(Data listing)

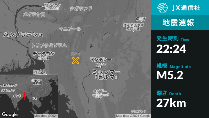 | 震源地 | ミャンマーのHakhaから東南東61kmの地点 |
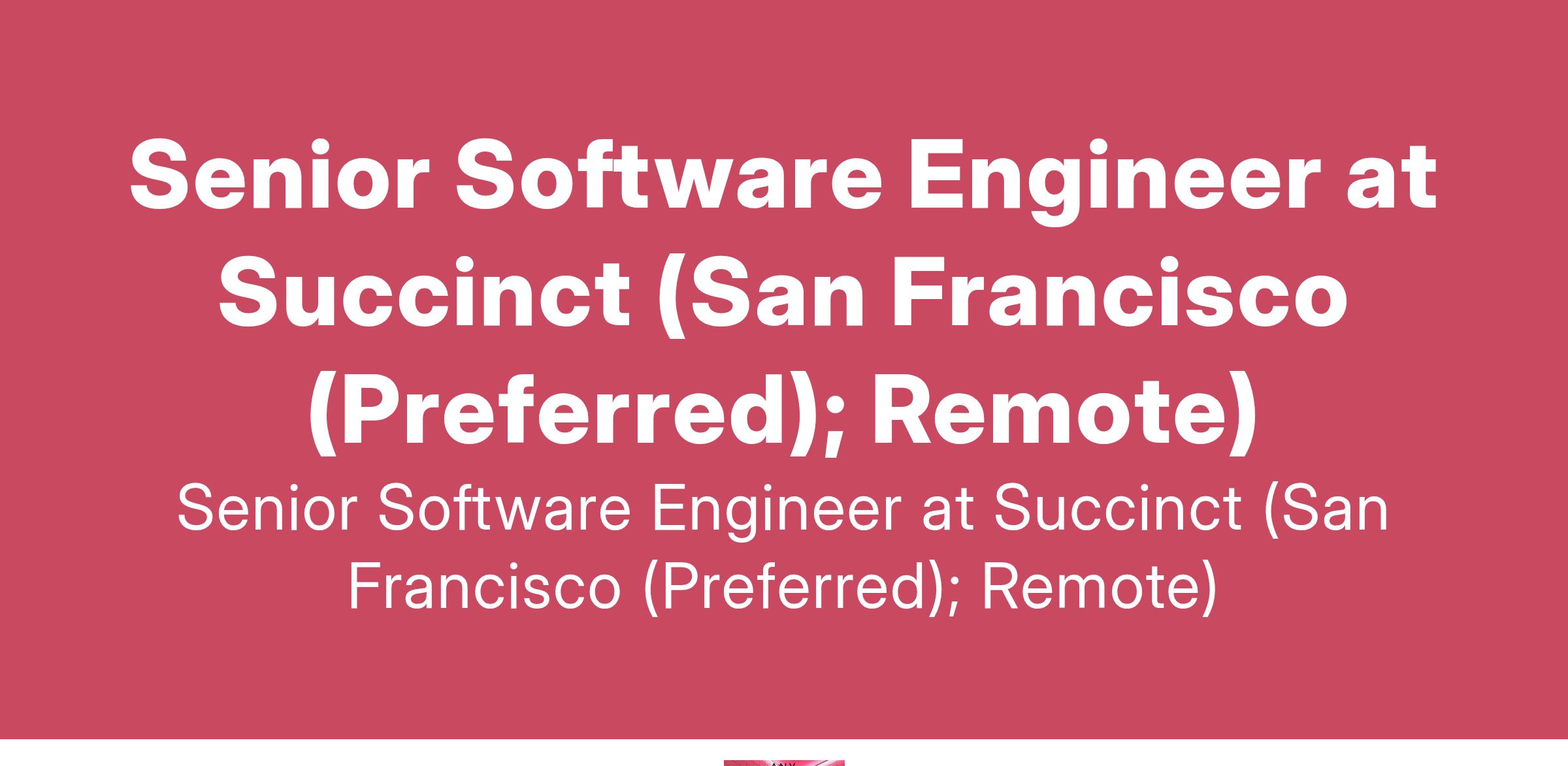Senior Software Engineer at Succinct (San Francisco (Preferred); Remote)
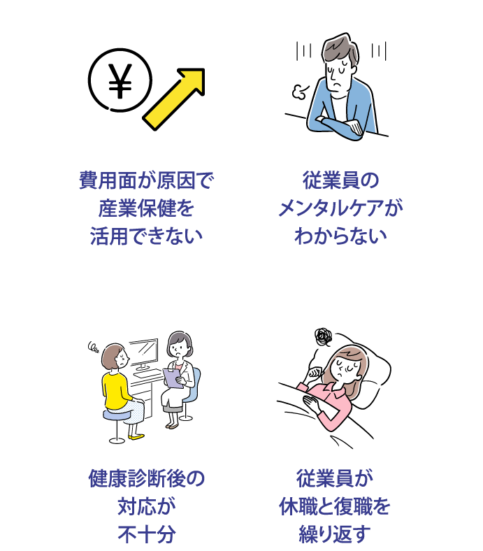 多くの事業所が従業員の健康問題・メンタルヘルス対応・健康経営に課題感を持っているといわれています。
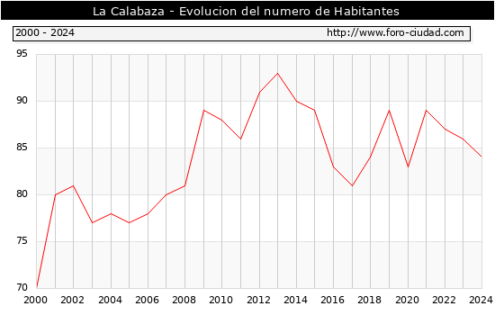 el numero de habitantes en La Calabaza era de 84, 2 habitantes menos que el en el año 2023. En el grafico siguiente se puede ver cuantos habitantes tiene La Calabaza a lo largo de los años.
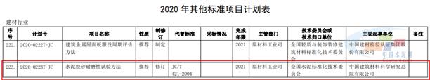 另外,計劃號為2020-0214T-JC的混凝土抗壓強(qiáng)度檢測方法直拔法、計劃號為2020-0218T-JC的水泥工業(yè)用V型靜態(tài)選粉機(jī)、計劃號為2020-0223T-JC的水泥膠砂耐磨性試驗方法均被列入2020年其他標(biāo)準(zhǔn)項目計劃表中。

(End Data listing)

**Work request**. Repeat the material exactly. Skip the images.

**Result of the exercise**.
 | 震源地 | ミャンマーのHakhaから東南東61kmの地点 |
Senior Software Engineer at Succinct (San Francisco (Preferred); Remote)
 多くの事業所が従業員の健康問題・メンタルヘルス対応・健康経営に課題感を持っているといわれています。
 el numero de habitantes en La Calabaza era de 84, 2 habitantes menos que el en el año 2023. En el grafico siguiente se puede ver cuantos habitantes tiene La Calabaza a lo largo de los años.
 另外,計劃號為2020-0214T-JC的混凝土抗壓強(qiáng)度檢測方法直拔法、計劃號為2020-0218T-JC的水泥工業(yè)用V型靜態(tài)選粉機(jī)、計劃號為2020-0223T-JC的水泥膠砂耐磨性試驗方法均被列入2020年其他標(biāo)準(zhǔn)項目計劃表中。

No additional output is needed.